╭──

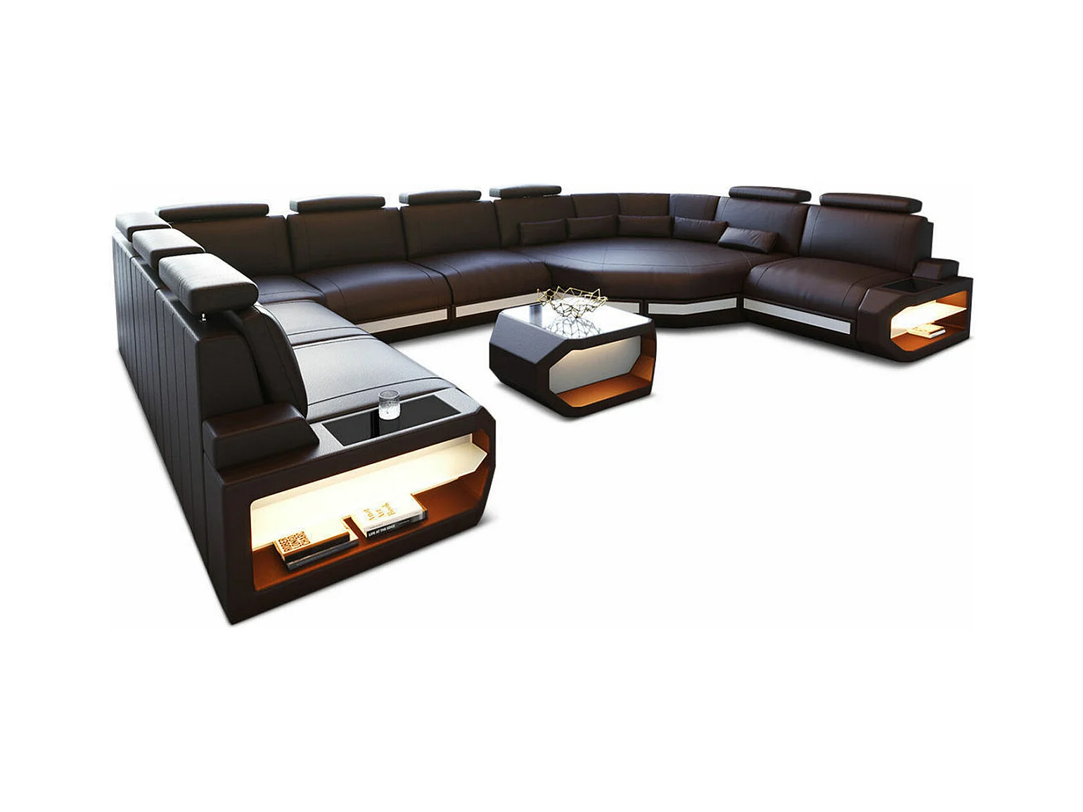 Sofa Asti U Leder Kunstleder Braun Weiß Links
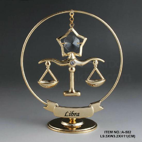 24K Gold Plated Metal Libra Zodiac Ring Stand with Swarovski Crystal
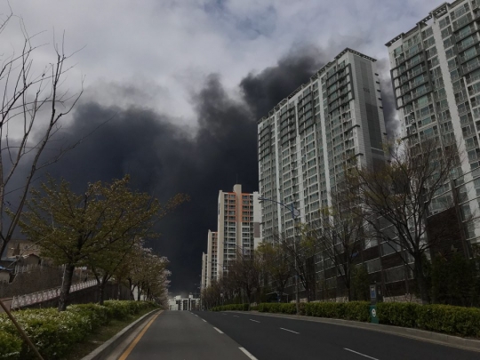 인천 동구의 한 아파트가 검은 연기로 뒤덮혔다./메트로 신정원

╰──

* What you will do *
Repeat the full listing above exactly, with no pictures in the copy.

* Solution *
 Sofa Asti U Leder Kunstleder Braun Weiß Links
 24K Gold Plated Metal Libra Zodiac Ring Stand with Swarovski Crystal
 인천 동구의 한 아파트가 검은 연기로 뒤덮혔다./메트로 신정원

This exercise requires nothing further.